■ **Task goal**: Repeat the records in full and exactly, omitting pictures.

##### Data for processing #####

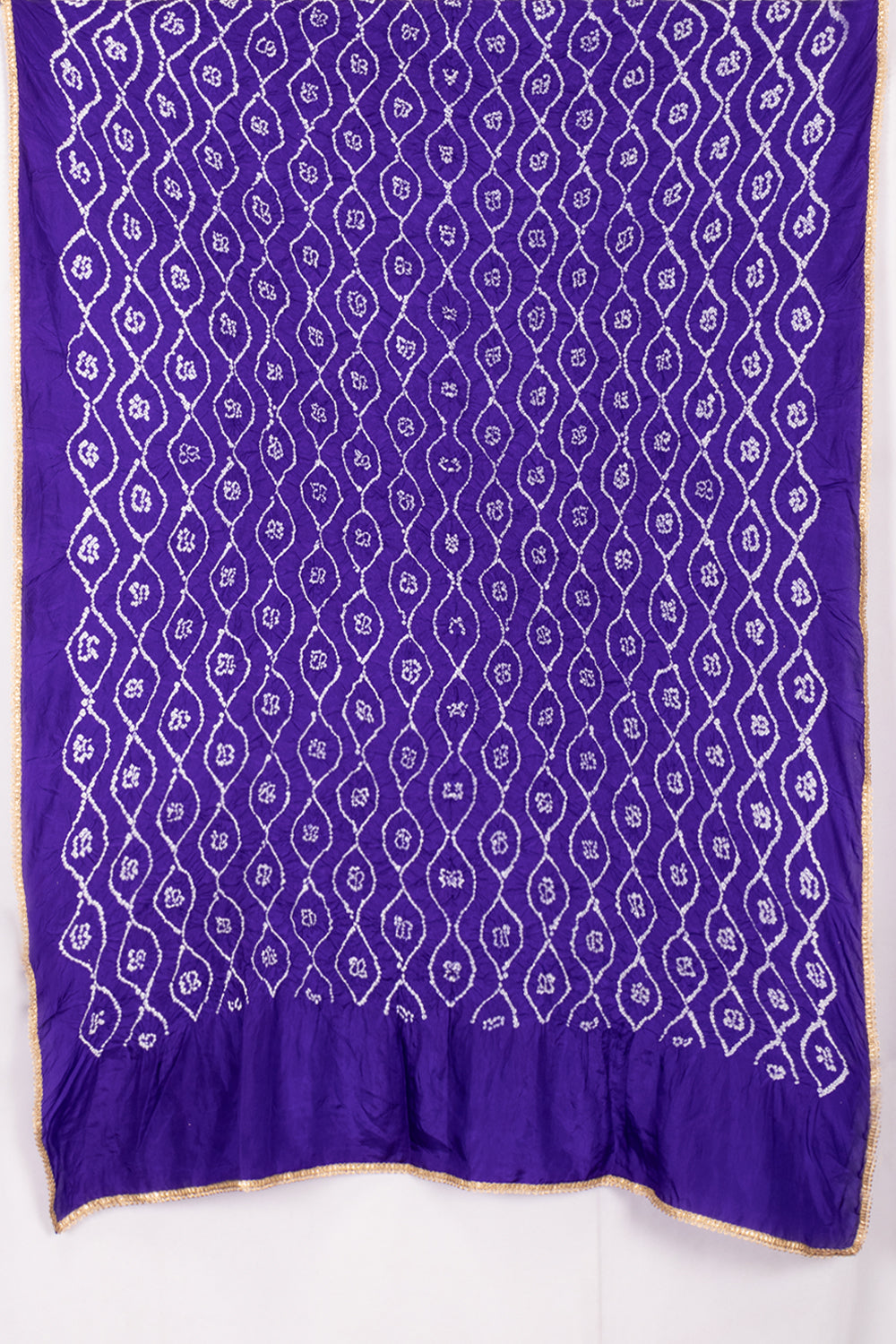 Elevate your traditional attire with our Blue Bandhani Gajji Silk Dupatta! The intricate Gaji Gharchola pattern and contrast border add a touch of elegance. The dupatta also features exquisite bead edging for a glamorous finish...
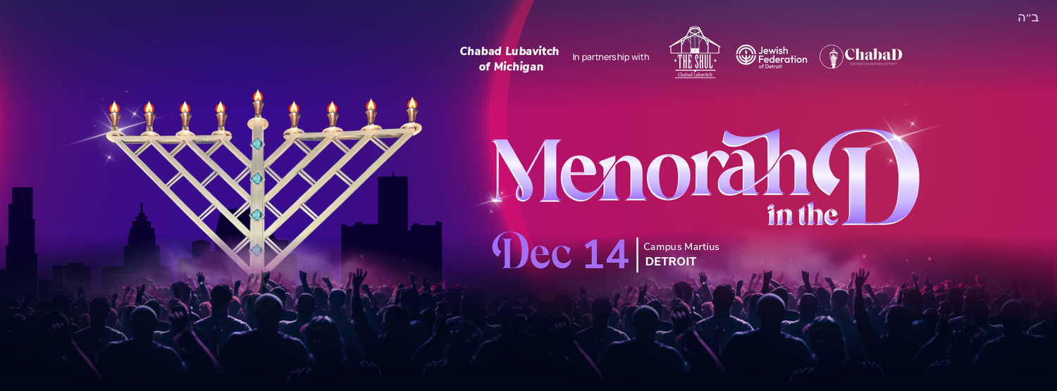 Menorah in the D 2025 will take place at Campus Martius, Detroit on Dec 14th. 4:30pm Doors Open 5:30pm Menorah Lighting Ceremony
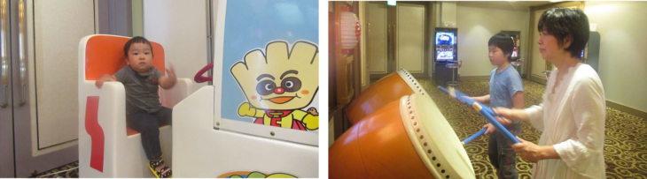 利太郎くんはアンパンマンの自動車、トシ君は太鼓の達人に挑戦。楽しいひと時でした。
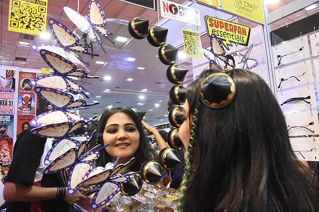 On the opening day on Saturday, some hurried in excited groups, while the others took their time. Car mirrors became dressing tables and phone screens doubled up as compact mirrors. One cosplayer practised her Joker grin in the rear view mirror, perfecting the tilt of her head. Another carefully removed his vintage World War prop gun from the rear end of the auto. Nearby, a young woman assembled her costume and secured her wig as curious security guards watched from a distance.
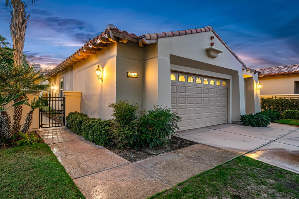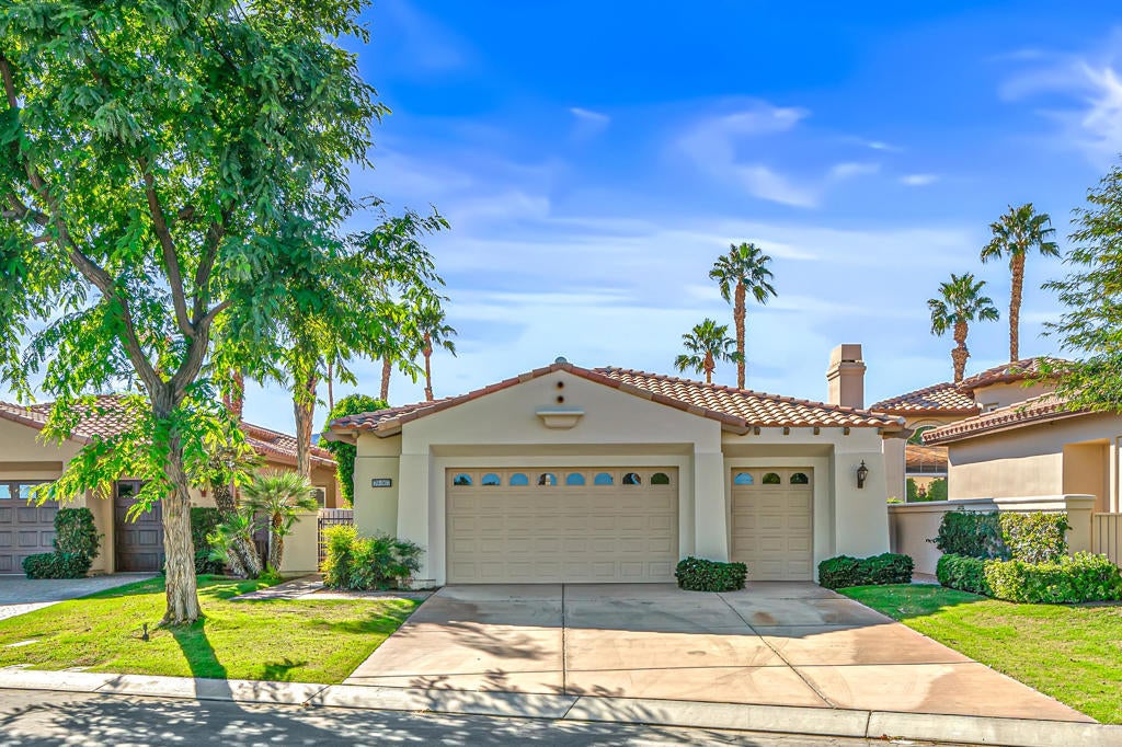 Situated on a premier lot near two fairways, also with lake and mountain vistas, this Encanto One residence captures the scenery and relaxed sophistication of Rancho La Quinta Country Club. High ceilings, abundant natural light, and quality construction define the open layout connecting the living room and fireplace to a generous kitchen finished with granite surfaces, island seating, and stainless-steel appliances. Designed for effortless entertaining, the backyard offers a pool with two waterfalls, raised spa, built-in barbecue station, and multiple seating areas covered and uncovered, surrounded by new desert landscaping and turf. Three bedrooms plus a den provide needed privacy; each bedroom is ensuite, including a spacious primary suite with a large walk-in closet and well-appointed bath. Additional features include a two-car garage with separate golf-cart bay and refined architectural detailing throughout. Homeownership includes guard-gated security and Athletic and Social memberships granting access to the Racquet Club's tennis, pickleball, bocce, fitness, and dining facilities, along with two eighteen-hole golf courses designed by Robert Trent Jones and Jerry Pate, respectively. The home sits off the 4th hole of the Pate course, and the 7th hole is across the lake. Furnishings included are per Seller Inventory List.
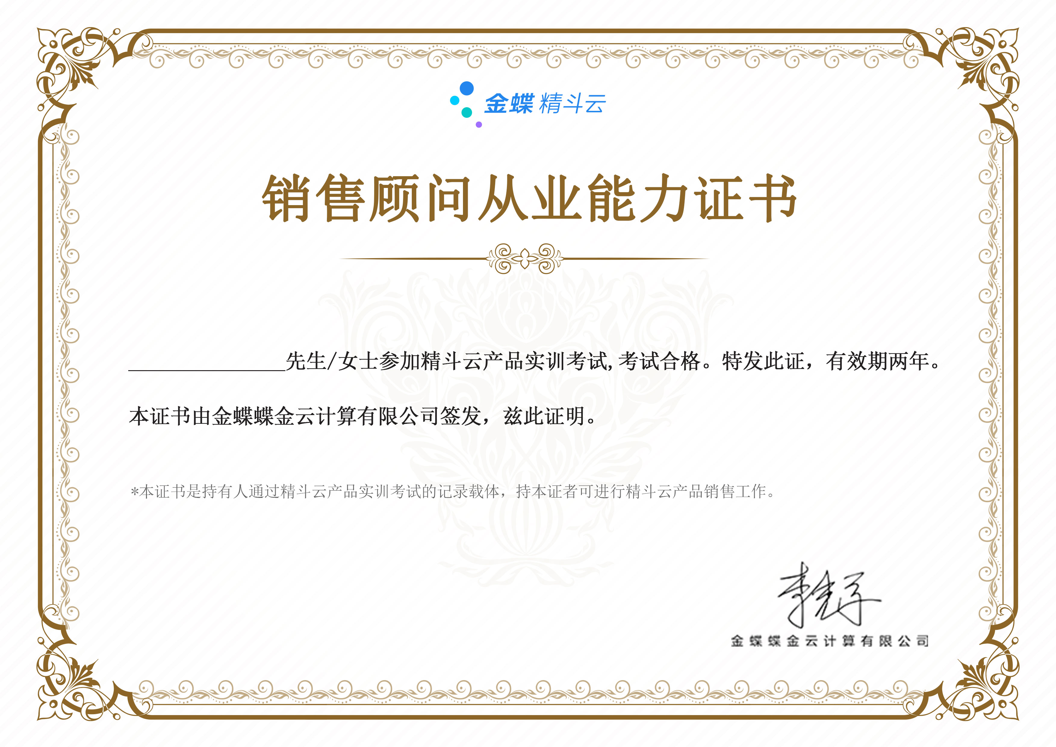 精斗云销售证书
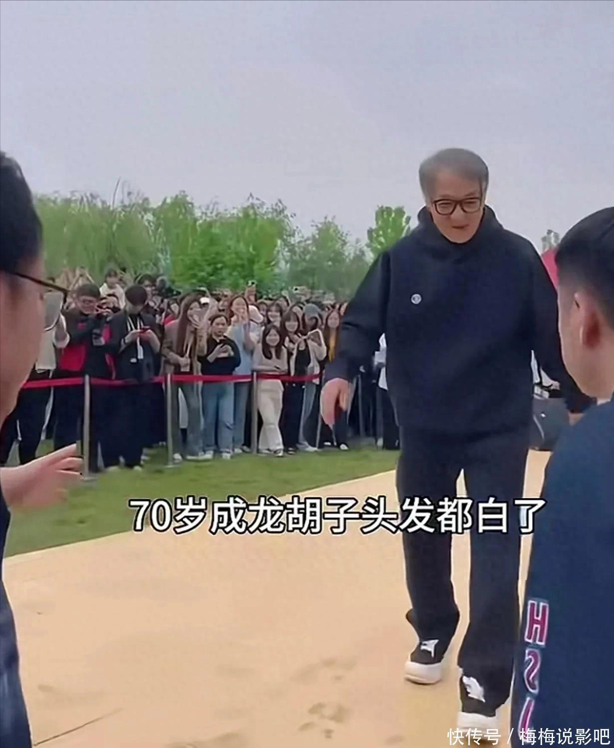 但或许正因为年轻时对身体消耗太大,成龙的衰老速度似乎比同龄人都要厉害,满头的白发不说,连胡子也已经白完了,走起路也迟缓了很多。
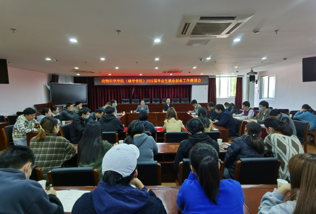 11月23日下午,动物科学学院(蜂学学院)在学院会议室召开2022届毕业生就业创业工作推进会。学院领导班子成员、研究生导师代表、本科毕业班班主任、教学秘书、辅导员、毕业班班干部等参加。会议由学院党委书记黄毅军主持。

#####

■ **Answer box**:
 Elevate your traditional attire with our Blue Bandhani Gajji Silk Dupatta! The intricate Gaji Gharchola pattern and contrast border add a touch of elegance. The dupatta also features exquisite bead edging for a glamorous finish...
 Menorah in the D 2025 will take place at Campus Martius, Detroit on Dec 14th. 4:30pm Doors Open 5:30pm Menorah Lighting Ceremony
 利太郎くんはアンパンマンの自動車、トシ君は太鼓の達人に挑戦。楽しいひと時でした。
 On the opening day on Saturday, some hurried in excited groups, while the others took their time. Car mirrors became dressing tables and phone screens doubled up as compact mirrors. One cosplayer practised her Joker grin in the rear view mirror, perfecting the tilt of her head. Another carefully removed his vintage World War prop gun from the rear end of the auto. Nearby, a young woman assembled her costume and secured her wig as curious security guards watched from a distance.
 Situated on a premier lot near two fairways, also with lake and mountain vistas, this Encanto One residence captures the scenery and relaxed sophistication of Rancho La Quinta Country Club. High ceilings, abundant natural light, and quality construction define the open layout connecting the living room and fireplace to a generous kitchen finished with granite surfaces, island seating, and stainless-steel appliances. Designed for effortless entertaining, the backyard offers a pool with two waterfalls, raised spa, built-in barbecue station, and multiple seating areas covered and uncovered, surrounded by new desert landscaping and turf. Three bedrooms plus a den provide needed privacy; each bedroom is ensuite, including a spacious primary suite with a large walk-in closet and well-appointed bath. Additional features include a two-car garage with separate golf-cart bay and refined architectural detailing throughout. Homeownership includes guard-gated security and Athletic and Social memberships granting access to the Racquet Club's tennis, pickleball, bocce, fitness, and dining facilities, along with two eighteen-hole golf courses designed by Robert Trent Jones and Jerry Pate, respectively. The home sits off the 4th hole of the Pate course, and the 7th hole is across the lake. Furnishings included are per Seller Inventory List.
 精斗云销售证书
 但或许正因为年轻时对身体消耗太大,成龙的衰老速度似乎比同龄人都要厉害,满头的白发不说,连胡子也已经白完了,走起路也迟缓了很多。
 11月23日下午,动物科学学院(蜂学学院)在学院会议室召开2022届毕业生就业创业工作推进会。学院领导班子成员、研究生导师代表、本科毕业班班主任、教学秘书、辅导员、毕业班班干部等参加。会议由学院党委书记黄毅军主持。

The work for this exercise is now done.